Mora Journal #0

Mora is my attempt at building a distributed event scheduler capable of notifying clients of scheduled events with sub-second precision.

Mora started a few months ago (sept. 2021) when I was hired by Prima where I had the chance to develop a personal project as an onboarding step, mainly to get confident with Elixir. I have to say Elixir grew on me pretty quickly, I was mesmerized by functional programming in general and the concurrency model of the language. I was able to make a very basic distributed scheduler in a matter of hours (~30). I then had to pause it for a few months due to personal circumstances. Fast forward six months and I just want to re-do everything in Rust. I think mora has to cover a lot of interesting topics to perform correctly, to name a few:

Distributed transactions and storage
Clustering (with all its quirks such as clock synchronization)
Event scheduling
Client notification

and while I don't see much potential in it as a commercial product I see it as an incredible learning tool and I would like to write my journey in these blog posts, to share them with others, but mainly to keep tracks of what I do.

Why Rust?

I had the pleasure of working with it at Prima in a real production environment. I was, once again, mesmerized, it conveys everything I was looking for in a language:

Performance
Excellent Toolchain
Safety
TDD oriented

Mora to me has always been proving grounds for my programming endeavours, so I decided to reimplement everything in Rust to better appreciate the language and dive deep inside it. I'm going to try and document as much of it as possible, hence the mora journal (MJ).

Implementing a priority queue in Rust

Key aspect of mora's internal engine is its priority queue structure that sorts scheduled events. Priority queues store items based on a priority key that sorts either in ascending or descending order. pqueues in general are very useful whenever you have to enqueue items based on specific logic. Dequeueing from a pqueue means removing the highest priority from the queue.

We are going to start with a very dumb, inefficient, slow version of priority queue and work our way towards something more elaborate (eventually thread-safe).

:warning: I usually apply TDD whenever I code something and indeed I started from tests to implement this queue, nonetheless I feel like explaining things starting from tests it's not very blog-oriented.

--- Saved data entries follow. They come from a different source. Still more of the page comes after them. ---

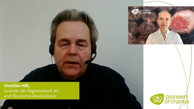 Christian Hiß wuchs auf einem der ersten Biohöfe Deutschlands auf. Nach der Ausbildung zum Gärtnermeister gründete er mit erst 21 Jahren seine eigene Bio-Gärtnerei. 2006 gründete er schließlich die Regionalwert AG, deren Geschäftsführer er bis heute ist. Die Regionalwert AG unterstützt und finanziert lokale Betriebe und Betriebsgründungen. Als Ashoka Fellow unterstützt und inspiriert er seit 2009 Menschen mit seinen eigenen Erfahrungen als Social Entrepreneur. Darüber hinaus ist Christian ein gefragter Vortragender und Buchautor.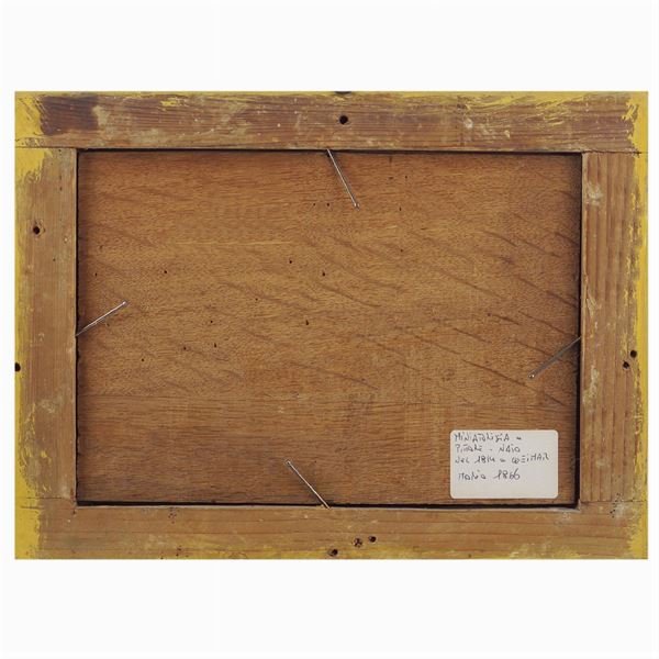 depicting "Pilgrims towards Rome", signed Schenk in the lower right, within a coeval frame in golden wood, 14,5x20 cm.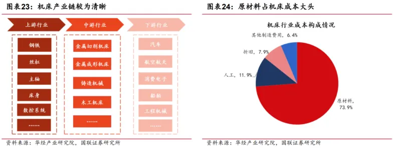 原材料占机床成本大头。在机床生产过程中,原材料成本占比最高,为 73.9%, 其次是人工、折旧与其他制造费用,占比分别为 11.9%、7.9% 和 6.4%。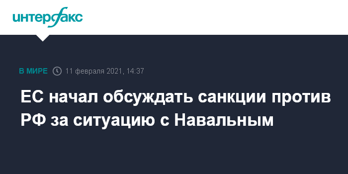 Москва. 11 февраля. INTERFAX.RU - В Евросоюзе приступили к процессу обсуждения возможных санкций против России из-за ситуации с оппозиционером Алексеем Навальным, сообщает Bloomberg со ссылкой на европейские источники.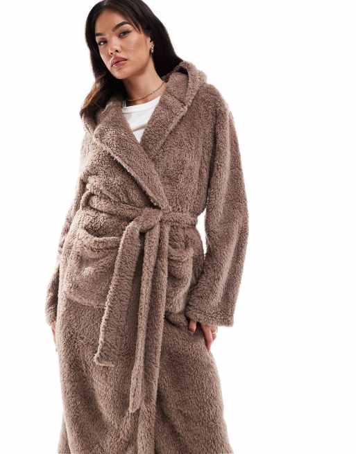 Loungeable – Czekoladowy przytulny szlafrok maxi z kapturem ze sztucznego kożuszka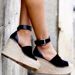 Marc Fisher Adalyn Espadrille Wedge Sandal in Black Suede and Leather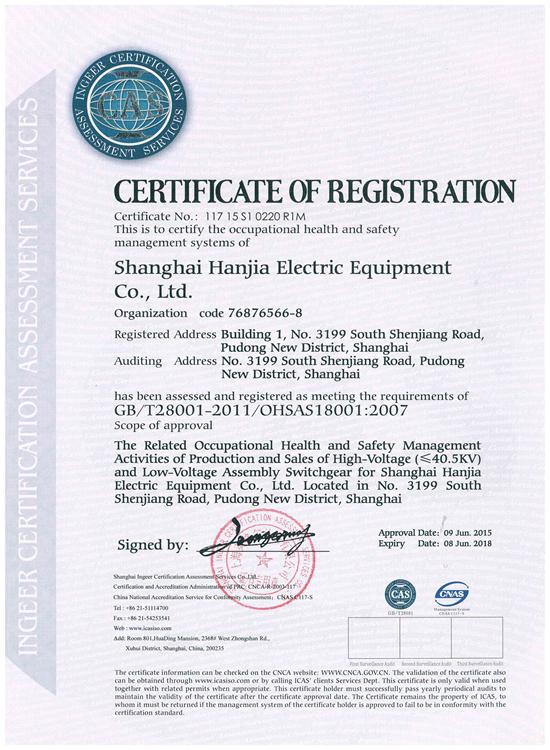 GB/T28001-2011职业健康安全管理体系认证证书

For blog's sake I will explain my design/code decision first and then show tests. :warning:

A Common behavior for all queues

First things first let's define a common trait our priority queues must implement in a dedicated priority_queue.rs file:

pub trait PriorityQueue<K, V> {
    fn is_empty(&self) -> bool;
    fn len(&self) -> usize;
    fn enqueue(&mut self, key: K, value: V) -> Option<V>;
    fn dequeue(&mut self, count: usize) -> Vec<V>;
}

There's a lot to comment here, let's inspect line by line:

Here we are defining a public trait for our priority queue, a trait is something other structs can implement that makes it easy to code shared behaviors. Inside the <> we can see two generic types K (for key) V (for value). This means we can replace those types with whatever we want to store in the queue, such as PriorityQueue<u32,Foo>.

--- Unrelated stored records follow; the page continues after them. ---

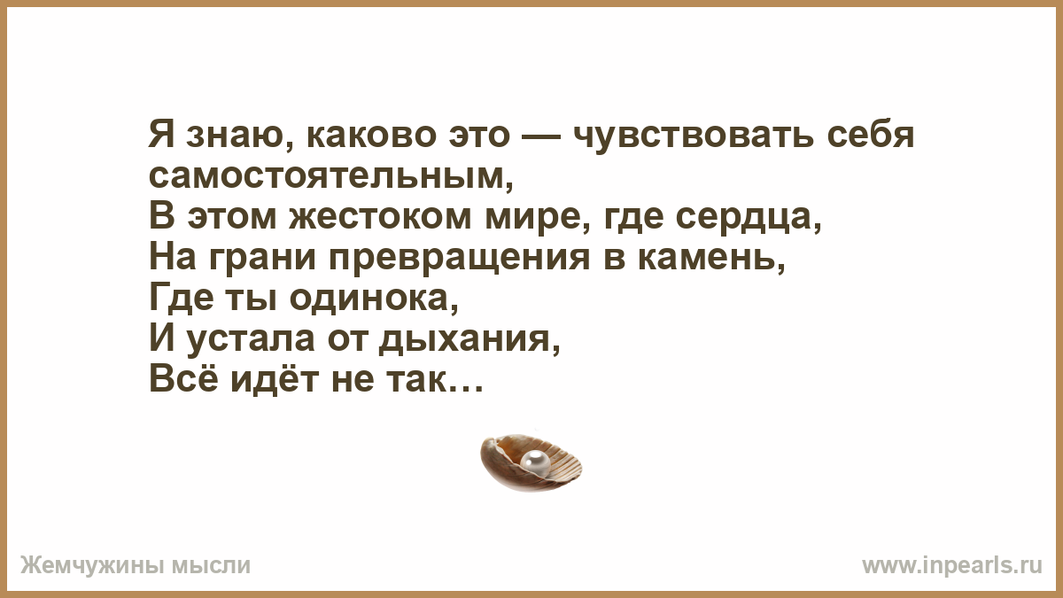 Я знаю, каково это — чувствовать себя самостоятельным,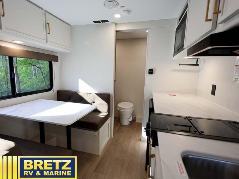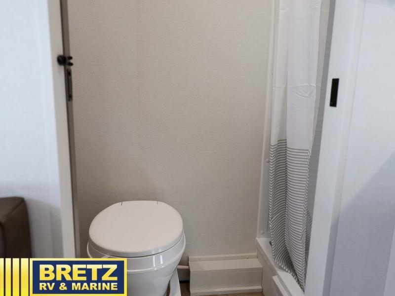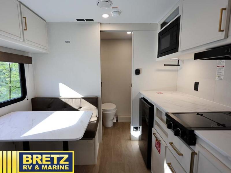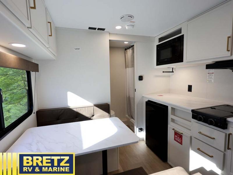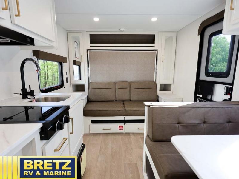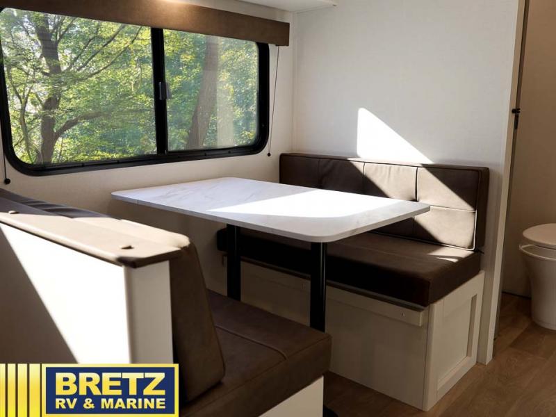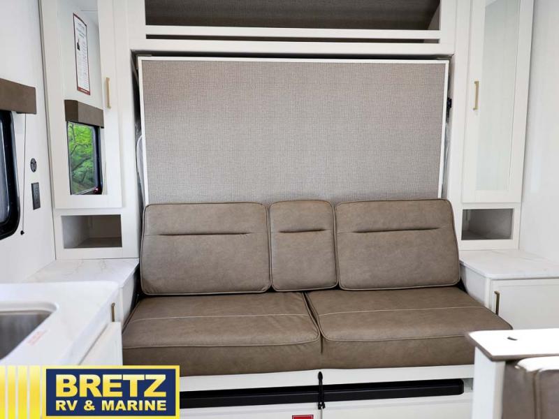 This is the perfect couple's trailer with versatile seating and sleeping space! You'll find a queen-size Murphy bed up front with storage space beside and above plus a full rear bath for added privacy. Once you've made lunch in the full kitchen, you can dine at the booth dinette or take your plate outdoors to sit under the 10' power awning. You'll also find pass-thru storage outside that will be perfect for fishing poles, lawn chairs, tools and more!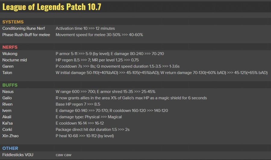 안녕하세요 토킹맨입니다. 10.7 패치가 곧 다가오는데요. 중요한 부분만 살펴보겠습니다. 너프 목록을 보시면 오공 녹턴 가렌 탈론입니다. 녹턴의 유지력을 감소시키는 패치이며 AP 메이지 상대로 나왔을 때를 저격하는 패치입니다.

pub trait PriorityQueue<K, V> {

This function should return whether our queue is empty or not, pretty straight forward. It will come in handy later on. &self means that we need the reference of the struct that implements this trait. -> bool means we will return a boolean value.

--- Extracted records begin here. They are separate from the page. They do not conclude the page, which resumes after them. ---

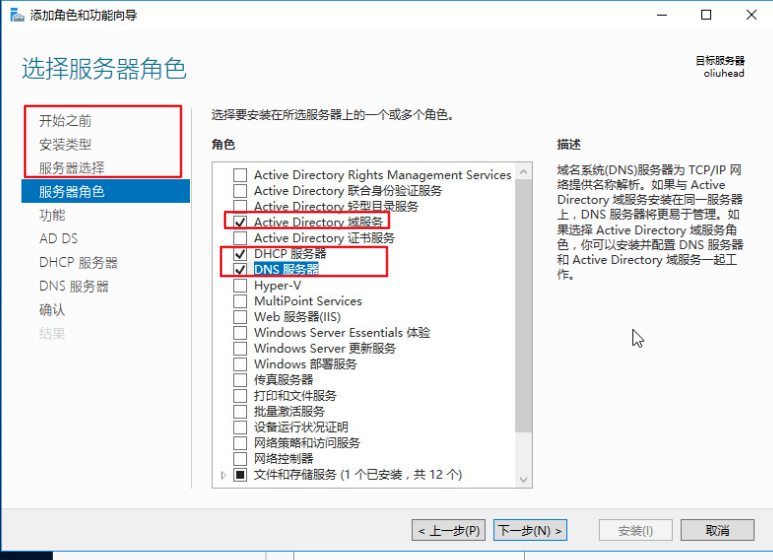 - 前三步点击下一步,到达服务器角色界面,选择Active Directory域,DHCP服务器,DNS服务器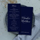 Your wedding day is a celebration of love and togetherness, and this beautifully crafted menu adds a touch of grace to the occasion. Featuring a classic navy backdrop with delicate silver lettering, it conveys timeless elegance while highlighting the carefully chosen dishes. Simple yet refined, it offers your guests a thoughtful guide through the meal and ensures everyone feels welcomed into your special day.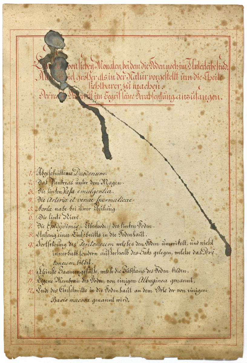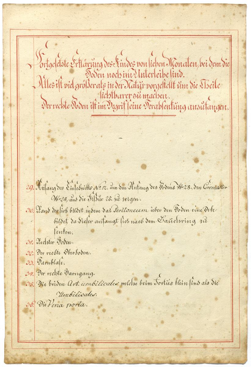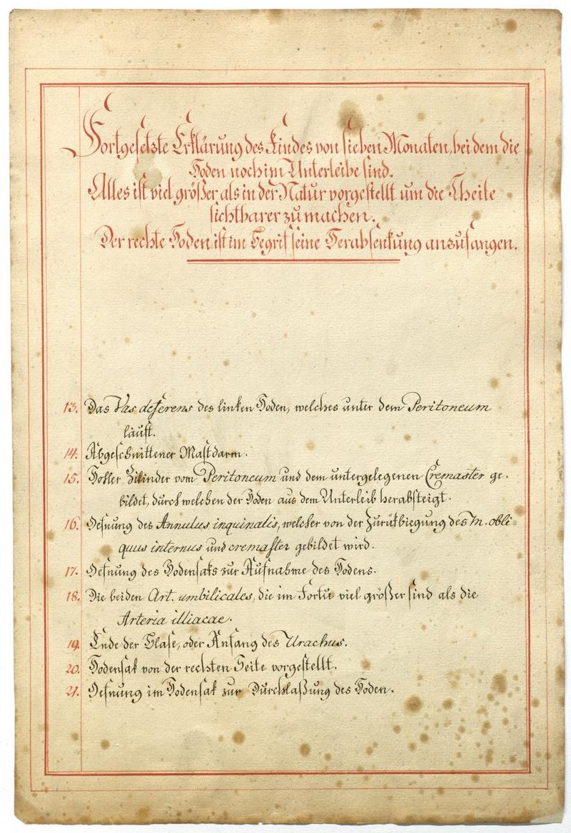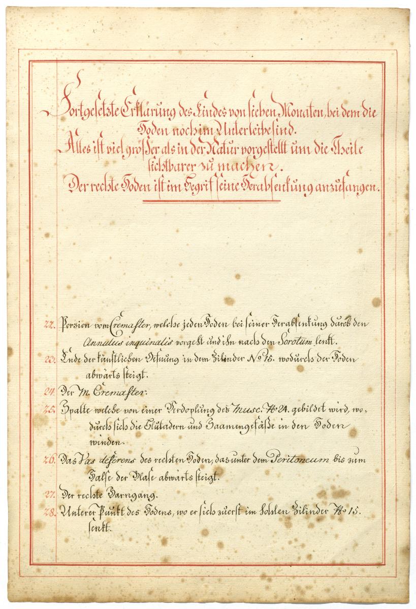 Der Text ist die ergänzende Beschreibung in deutscher Sprache zum anatomischen Wachsmodell des Hodenabstiegs (Descensus testis).

fn is_empty(&self) -> bool;

Returns the amount of items currently in the queue in the form of a usize which is either a u32 in 32 bit systems or a u64 in 64 bit systems.

fn len(&self) -> usize;

Here we have something new &mut which means we need a mutable reference to our struct to invoke this function. We also return an Option<V> which means we will return either Some(value) or None. Options are pretty useful and we will see later on why.

fn enqueue(&mut self, key: K, value: V) -> Option<V>;

enqueue's antagonist dequeue will take a mutable reference of our queue and dequeue as many values as count says. It return a Vec.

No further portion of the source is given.